Namun, efektivitas serangan ini masih menjadi perdebatan. Sebagian ahli berpendapat bahwa menghancurkan fasilitas fisik tidak serta-merta menghilangkan "pengetahuan" (know-how) nuklir yang telah dikuasai para ilmuwan Iran selama puluhan tahun. Iran memiliki kemampuan untuk membangun kembali fasilitas mereka di lokasi bawah tanah yang lebih dalam dan terlindungi. Oleh karena itu, serangan udara seperti ini sering kali dianggap sebagai "solusi jangka pendek" yang hanya akan menunda, bukan menghentikan secara total, ambisi nuklir Teheran.
Dunia kini menanti langkah selanjutnya dari Iran. Apakah Teheran akan memilih untuk menahan diri guna menghindari perang total, atau justru melancarkan serangan balasan yang masif ke pangkalan-pangkalan AS di Teluk Persia? Ketidakpastian ini menciptakan kecemasan di pasar keuangan dunia. Harga emas melonjak drastis, sementara pasar saham di berbagai belahan dunia menunjukkan tren penurunan akibat ketakutan akan pecahnya perang besar.
Selain aspek militer, serangan ini juga menyisakan masalah kemanusiaan yang serius. Meskipun pemerintah Iran mengklaim tidak ada korban jiwa, potensi kebocoran radiasi dari fasilitas nuklir yang rusak tetap menjadi momok menakutkan bagi warga sekitar. IAEA telah mendesak agar kedua belah pihak memberikan akses kepada tim inspektur mereka untuk menilai apakah terjadi pelepasan zat radioaktif ke lingkungan sekitar Arak. Namun, di tengah panasnya situasi perang, akses bagi pihak internasional hampir mustahil untuk diwujudkan dalam waktu dekat.
Secara politis, serangan ini menempatkan Presiden Amerika Serikat dalam posisi sulit. Di dalam negeri, pemerintahan AS menghadapi tekanan dari kelompok hawk yang menginginkan tindakan tegas, namun juga menghadapi protes dari masyarakat yang lelah dengan keterlibatan AS dalam perang asing. Langkah bergabung dengan Israel dalam serangan ini dipandang sebagai upaya untuk menegaskan kembali dominasi AS di Timur Tengah setelah beberapa tahun terakhir pengaruhnya dianggap memudar.

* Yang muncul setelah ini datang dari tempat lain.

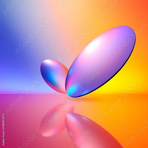 Modern Flat Design Graphics – Vibrant Gradient Background with Iridescent Shapes – Low-Angle Perspective for Presentations
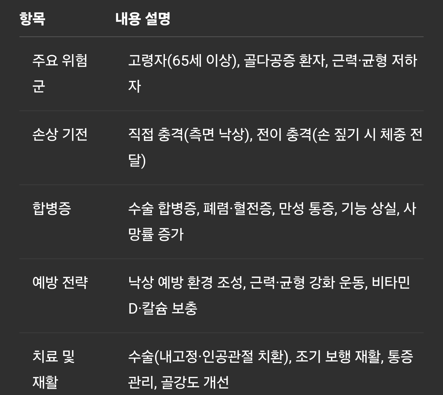 치료 및 재활 수술(내고정·인공관절 치환), 조기 보행 재활, 통증 관리, 골강도 개선

Sebagai penutup, dunia berada di persimpangan jalan. Eskalasi di Arak bukan sekadar serangan terhadap sebuah pabrik pengolahan uranium, melainkan serangan terhadap fondasi stabilitas kawasan. Jika jalur diplomasi tidak segera dibuka kembali oleh pihak-pihak yang terlibat, maka kawasan Timur Tengah berisiko terjerumus ke dalam perang terbuka yang dampaknya akan melampaui batas-batas wilayah dan mengancam keamanan global secara keseluruhan. Komunitas internasional kini menuntut pengekangan diri, namun di lapangan, suara meriam dan desingan jet tempur jauh lebih nyaring terdengar daripada seruan damai. Iran kini berada di titik nadir, dan dunia menahan napas menunggu apa yang akan terjadi selanjutnya di tanah Persia yang kini sedang membara.